Task instructions – Below are some entries. Transcribe the lines from the one holding "Pantalón corto con" to the one holding "Researchers observed a", inclusive, but not the pictures among them.

Supplied material –
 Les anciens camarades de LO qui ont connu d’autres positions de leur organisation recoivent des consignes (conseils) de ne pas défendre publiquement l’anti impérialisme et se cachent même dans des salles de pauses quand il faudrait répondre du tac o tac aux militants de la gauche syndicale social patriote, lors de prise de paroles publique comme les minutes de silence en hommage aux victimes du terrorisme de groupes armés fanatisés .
...
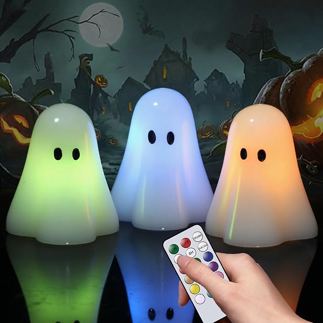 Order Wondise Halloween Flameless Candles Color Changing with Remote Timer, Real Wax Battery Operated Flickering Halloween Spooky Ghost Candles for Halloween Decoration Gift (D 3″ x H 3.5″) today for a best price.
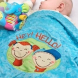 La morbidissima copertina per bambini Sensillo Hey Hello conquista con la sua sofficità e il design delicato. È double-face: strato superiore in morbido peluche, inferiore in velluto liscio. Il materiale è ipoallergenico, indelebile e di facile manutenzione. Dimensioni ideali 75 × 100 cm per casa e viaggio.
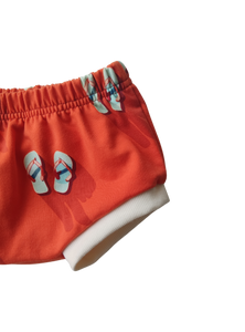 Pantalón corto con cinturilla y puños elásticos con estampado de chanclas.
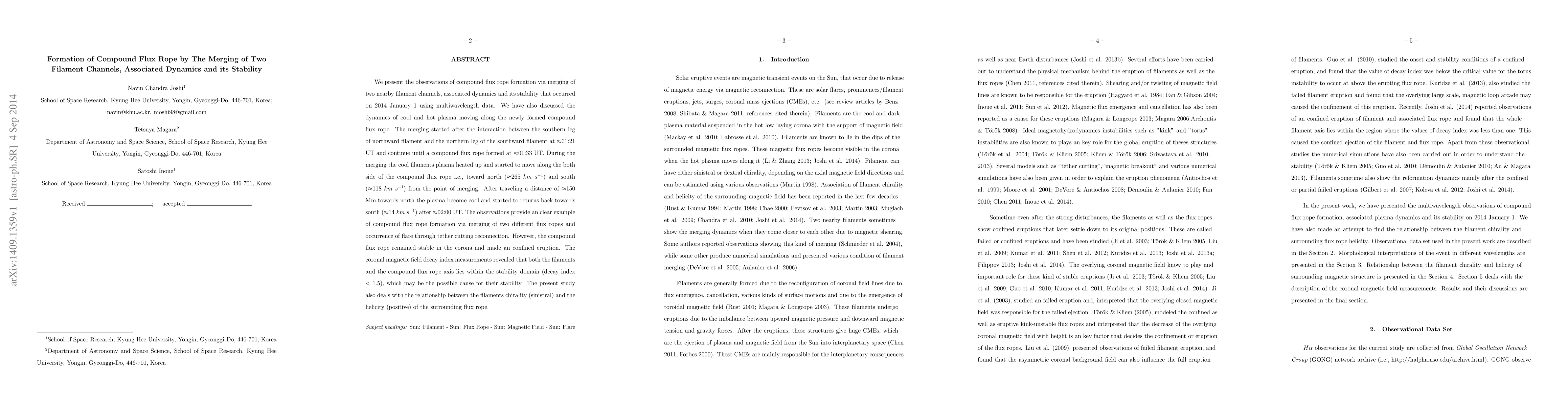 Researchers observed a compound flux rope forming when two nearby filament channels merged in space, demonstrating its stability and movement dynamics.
...
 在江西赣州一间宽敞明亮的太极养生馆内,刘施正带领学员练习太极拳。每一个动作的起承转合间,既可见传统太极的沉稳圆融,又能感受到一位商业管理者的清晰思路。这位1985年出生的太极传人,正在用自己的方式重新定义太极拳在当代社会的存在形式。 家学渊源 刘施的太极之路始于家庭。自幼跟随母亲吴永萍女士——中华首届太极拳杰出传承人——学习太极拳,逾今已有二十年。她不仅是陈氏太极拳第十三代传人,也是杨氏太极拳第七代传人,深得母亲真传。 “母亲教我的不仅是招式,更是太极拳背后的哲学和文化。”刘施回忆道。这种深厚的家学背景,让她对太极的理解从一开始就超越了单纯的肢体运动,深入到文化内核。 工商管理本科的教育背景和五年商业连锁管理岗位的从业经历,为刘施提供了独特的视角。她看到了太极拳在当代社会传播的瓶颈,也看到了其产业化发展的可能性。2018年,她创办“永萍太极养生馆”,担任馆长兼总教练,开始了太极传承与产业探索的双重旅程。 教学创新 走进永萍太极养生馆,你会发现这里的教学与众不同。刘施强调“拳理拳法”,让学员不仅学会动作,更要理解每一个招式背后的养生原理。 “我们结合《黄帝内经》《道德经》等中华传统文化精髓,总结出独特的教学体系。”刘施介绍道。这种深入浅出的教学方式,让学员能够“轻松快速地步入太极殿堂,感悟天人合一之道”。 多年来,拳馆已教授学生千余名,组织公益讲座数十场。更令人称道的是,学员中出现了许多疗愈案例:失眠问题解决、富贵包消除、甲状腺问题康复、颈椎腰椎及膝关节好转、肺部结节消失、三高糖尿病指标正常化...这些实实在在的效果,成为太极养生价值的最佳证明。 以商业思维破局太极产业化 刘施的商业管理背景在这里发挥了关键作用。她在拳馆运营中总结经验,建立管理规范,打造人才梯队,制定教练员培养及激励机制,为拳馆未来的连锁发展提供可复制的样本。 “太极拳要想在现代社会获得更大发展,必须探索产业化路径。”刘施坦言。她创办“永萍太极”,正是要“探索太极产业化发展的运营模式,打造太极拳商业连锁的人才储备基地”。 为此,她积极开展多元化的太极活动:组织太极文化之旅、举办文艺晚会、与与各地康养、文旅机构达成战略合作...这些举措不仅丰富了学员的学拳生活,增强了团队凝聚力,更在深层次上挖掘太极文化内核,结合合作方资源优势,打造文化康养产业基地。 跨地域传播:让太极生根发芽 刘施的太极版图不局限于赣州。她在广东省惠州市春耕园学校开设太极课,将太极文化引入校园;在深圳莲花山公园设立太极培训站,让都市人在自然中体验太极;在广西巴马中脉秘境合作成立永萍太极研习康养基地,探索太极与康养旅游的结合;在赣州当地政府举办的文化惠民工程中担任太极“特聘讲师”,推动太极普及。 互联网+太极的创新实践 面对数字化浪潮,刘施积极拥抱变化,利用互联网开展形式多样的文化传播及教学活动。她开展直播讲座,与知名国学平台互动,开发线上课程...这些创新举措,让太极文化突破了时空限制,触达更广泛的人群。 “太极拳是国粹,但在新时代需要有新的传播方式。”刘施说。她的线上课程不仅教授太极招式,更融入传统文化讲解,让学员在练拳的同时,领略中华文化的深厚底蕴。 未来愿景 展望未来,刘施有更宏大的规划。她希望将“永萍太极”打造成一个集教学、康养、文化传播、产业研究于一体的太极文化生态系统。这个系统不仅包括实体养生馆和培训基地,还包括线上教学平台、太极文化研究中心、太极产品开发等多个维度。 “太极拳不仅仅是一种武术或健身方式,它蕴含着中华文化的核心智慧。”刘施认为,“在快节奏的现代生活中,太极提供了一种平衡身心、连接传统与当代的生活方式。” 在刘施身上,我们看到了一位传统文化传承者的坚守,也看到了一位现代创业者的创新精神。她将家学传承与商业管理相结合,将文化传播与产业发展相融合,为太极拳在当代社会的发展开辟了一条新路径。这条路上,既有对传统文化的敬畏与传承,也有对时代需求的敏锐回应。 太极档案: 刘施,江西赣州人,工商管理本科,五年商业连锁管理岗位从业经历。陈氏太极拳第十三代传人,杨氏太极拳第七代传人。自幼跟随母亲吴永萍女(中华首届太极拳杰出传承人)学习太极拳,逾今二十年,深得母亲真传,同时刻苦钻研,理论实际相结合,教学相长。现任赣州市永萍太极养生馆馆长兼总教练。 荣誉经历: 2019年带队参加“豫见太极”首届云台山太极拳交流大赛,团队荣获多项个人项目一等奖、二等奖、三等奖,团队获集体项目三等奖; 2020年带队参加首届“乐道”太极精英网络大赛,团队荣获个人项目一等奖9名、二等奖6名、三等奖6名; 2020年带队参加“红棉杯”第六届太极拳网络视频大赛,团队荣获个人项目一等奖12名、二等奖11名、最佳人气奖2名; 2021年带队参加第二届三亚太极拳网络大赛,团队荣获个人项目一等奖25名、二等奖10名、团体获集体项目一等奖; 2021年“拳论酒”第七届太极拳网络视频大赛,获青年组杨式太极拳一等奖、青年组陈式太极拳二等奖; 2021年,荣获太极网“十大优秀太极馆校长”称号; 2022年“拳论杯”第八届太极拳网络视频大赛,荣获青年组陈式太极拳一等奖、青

Expected output –
 Pantalón corto con cinturilla y puños elásticos con estampado de chanclas.
 Researchers observed a compound flux rope forming when two nearby filament channels merged in space, demonstrating its stability and movement dynamics.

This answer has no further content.